■ **DATA FOR PROCESSING**
:::

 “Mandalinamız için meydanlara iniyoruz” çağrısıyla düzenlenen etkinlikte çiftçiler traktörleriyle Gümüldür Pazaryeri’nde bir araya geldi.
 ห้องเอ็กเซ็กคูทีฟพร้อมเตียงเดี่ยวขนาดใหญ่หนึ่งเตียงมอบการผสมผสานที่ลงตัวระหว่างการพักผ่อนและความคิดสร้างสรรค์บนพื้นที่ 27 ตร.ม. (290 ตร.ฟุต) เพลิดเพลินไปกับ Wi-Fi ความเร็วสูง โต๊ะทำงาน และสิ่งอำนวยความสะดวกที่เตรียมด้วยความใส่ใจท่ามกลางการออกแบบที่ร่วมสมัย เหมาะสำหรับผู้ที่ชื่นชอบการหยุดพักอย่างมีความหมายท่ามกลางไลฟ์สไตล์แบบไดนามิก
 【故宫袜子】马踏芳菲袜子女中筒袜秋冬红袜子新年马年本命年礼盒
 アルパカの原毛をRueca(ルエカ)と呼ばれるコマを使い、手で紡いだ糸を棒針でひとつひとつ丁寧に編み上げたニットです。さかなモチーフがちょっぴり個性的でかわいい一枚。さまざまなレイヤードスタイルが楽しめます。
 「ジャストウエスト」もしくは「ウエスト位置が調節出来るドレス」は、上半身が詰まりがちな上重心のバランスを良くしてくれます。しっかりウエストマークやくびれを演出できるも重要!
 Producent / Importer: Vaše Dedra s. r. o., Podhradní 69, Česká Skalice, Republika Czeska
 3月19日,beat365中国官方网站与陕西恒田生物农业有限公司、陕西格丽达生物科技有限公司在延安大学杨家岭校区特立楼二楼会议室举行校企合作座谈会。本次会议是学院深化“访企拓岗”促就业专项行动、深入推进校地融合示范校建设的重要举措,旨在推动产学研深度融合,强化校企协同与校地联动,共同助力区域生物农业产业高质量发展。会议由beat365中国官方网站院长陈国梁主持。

:::

Write out exactly the lines above between the line with "アルパカの原毛をRueca(ルエカ)と呼" and the line with "Producent / Importer: Vaše", inclusive, and nothing beyond them.

■ **ANSWER TO THIS TASK**
 アルパカの原毛をRueca(ルエカ)と呼ばれるコマを使い、手で紡いだ糸を棒針でひとつひとつ丁寧に編み上げたニットです。さかなモチーフがちょっぴり個性的でかわいい一枚。さまざまなレイヤードスタイルが楽しめます。
 「ジャストウエスト」もしくは「ウエスト位置が調節出来るドレス」は、上半身が詰まりがちな上重心のバランスを良くしてくれます。しっかりウエストマークやくびれを演出できるも重要!
 Producent / Importer: Vaše Dedra s. r. o., Podhradní 69, Česká Skalice, Republika Czeska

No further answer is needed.